BEGIN DATA UNDER STUDY

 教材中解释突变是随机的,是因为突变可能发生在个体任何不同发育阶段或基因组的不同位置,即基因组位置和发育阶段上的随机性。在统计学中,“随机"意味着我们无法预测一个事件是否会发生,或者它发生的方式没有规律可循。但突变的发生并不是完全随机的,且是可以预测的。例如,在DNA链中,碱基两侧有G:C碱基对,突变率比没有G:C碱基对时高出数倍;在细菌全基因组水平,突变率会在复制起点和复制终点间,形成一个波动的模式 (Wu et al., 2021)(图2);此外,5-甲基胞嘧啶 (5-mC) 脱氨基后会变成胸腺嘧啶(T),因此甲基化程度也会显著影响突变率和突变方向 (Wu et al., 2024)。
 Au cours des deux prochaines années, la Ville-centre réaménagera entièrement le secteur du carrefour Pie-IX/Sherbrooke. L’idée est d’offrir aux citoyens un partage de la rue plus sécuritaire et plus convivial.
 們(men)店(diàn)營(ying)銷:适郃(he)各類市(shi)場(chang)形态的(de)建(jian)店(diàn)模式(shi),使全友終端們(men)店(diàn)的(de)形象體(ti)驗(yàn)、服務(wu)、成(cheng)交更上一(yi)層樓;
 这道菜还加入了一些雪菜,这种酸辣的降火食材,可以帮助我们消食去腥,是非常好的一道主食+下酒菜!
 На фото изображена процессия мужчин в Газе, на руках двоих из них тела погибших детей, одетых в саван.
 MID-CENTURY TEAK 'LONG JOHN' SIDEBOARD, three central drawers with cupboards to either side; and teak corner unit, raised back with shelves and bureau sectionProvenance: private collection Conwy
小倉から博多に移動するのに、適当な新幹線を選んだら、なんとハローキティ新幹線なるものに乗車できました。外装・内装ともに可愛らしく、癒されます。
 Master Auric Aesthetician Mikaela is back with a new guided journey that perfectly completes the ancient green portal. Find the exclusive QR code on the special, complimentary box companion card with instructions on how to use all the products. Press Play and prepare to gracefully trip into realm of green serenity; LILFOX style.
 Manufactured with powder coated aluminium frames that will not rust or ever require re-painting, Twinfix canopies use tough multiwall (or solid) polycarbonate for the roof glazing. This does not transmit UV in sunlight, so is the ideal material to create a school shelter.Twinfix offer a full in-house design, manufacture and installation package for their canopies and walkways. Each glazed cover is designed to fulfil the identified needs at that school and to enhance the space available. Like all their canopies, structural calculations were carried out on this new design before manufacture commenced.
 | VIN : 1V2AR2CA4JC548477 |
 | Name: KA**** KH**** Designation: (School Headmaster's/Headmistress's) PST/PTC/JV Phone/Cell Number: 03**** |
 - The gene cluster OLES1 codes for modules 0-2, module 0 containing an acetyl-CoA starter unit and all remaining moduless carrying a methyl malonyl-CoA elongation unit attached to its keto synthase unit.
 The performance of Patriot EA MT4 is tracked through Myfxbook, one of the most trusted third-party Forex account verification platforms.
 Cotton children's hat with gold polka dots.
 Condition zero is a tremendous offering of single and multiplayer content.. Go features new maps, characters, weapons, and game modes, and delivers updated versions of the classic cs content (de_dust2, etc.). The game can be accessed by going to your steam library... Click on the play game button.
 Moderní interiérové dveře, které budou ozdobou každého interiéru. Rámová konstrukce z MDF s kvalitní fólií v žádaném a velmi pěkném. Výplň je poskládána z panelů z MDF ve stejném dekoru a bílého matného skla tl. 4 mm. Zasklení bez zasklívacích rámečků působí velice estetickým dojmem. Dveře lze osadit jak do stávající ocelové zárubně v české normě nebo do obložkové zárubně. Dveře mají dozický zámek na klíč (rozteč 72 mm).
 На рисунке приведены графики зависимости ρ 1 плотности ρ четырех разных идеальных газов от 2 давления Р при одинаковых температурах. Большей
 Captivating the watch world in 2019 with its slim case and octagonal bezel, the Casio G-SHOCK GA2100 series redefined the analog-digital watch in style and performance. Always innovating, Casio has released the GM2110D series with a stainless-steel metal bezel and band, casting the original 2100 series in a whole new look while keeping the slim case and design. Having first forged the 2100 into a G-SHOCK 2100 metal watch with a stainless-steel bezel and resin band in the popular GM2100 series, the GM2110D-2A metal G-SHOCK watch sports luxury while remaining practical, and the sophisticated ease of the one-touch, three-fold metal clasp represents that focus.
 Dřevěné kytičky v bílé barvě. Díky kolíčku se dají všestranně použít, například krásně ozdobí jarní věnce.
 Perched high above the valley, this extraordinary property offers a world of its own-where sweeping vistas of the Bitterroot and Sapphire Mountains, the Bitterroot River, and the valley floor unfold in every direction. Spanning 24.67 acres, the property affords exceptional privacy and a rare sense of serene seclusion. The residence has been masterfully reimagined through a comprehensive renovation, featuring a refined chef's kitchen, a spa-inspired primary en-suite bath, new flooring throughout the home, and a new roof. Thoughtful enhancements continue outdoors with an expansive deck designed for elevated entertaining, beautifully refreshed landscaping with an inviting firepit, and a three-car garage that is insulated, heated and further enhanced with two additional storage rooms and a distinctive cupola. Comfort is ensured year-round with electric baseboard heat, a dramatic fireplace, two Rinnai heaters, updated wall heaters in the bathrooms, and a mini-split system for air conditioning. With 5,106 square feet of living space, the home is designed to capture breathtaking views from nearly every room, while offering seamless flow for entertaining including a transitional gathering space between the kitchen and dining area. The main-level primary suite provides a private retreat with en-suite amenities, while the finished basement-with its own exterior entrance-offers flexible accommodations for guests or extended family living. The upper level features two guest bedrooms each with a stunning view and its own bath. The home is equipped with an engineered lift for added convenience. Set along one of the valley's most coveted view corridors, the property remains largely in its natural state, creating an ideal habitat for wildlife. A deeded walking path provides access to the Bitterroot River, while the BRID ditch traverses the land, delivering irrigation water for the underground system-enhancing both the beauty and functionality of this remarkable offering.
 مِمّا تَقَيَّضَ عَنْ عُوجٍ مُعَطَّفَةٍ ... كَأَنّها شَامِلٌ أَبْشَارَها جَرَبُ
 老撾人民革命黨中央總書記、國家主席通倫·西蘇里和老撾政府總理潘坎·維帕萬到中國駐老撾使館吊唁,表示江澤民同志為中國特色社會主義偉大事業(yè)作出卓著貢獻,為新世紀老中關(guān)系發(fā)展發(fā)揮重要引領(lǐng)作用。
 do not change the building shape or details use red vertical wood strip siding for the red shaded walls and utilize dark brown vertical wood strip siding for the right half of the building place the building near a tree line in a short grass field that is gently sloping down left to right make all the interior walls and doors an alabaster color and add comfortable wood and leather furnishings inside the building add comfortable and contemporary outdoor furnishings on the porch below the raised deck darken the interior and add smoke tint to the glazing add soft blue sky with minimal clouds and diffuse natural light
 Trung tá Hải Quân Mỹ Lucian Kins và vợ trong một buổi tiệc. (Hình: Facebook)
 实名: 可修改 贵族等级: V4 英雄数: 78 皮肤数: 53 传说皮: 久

END DATA UNDER STUDY

_TASK REQUIREMENTS_: From the records above, return each line where "raised" occurs.

_EXERCISE RESULT_:
 MID-CENTURY TEAK 'LONG JOHN' SIDEBOARD, three central drawers with cupboards to either side; and teak corner unit, raised back with shelves and bureau sectionProvenance: private collection Conwy
 do not change the building shape or details use red vertical wood strip siding for the red shaded walls and utilize dark brown vertical wood strip siding for the right half of the building place the building near a tree line in a short grass field that is gently sloping down left to right make all the interior walls and doors an alabaster color and add comfortable wood and leather furnishings inside the building add comfortable and contemporary outdoor furnishings on the porch below the raised deck darken the interior and add smoke tint to the glazing add soft blue sky with minimal clouds and diffuse natural light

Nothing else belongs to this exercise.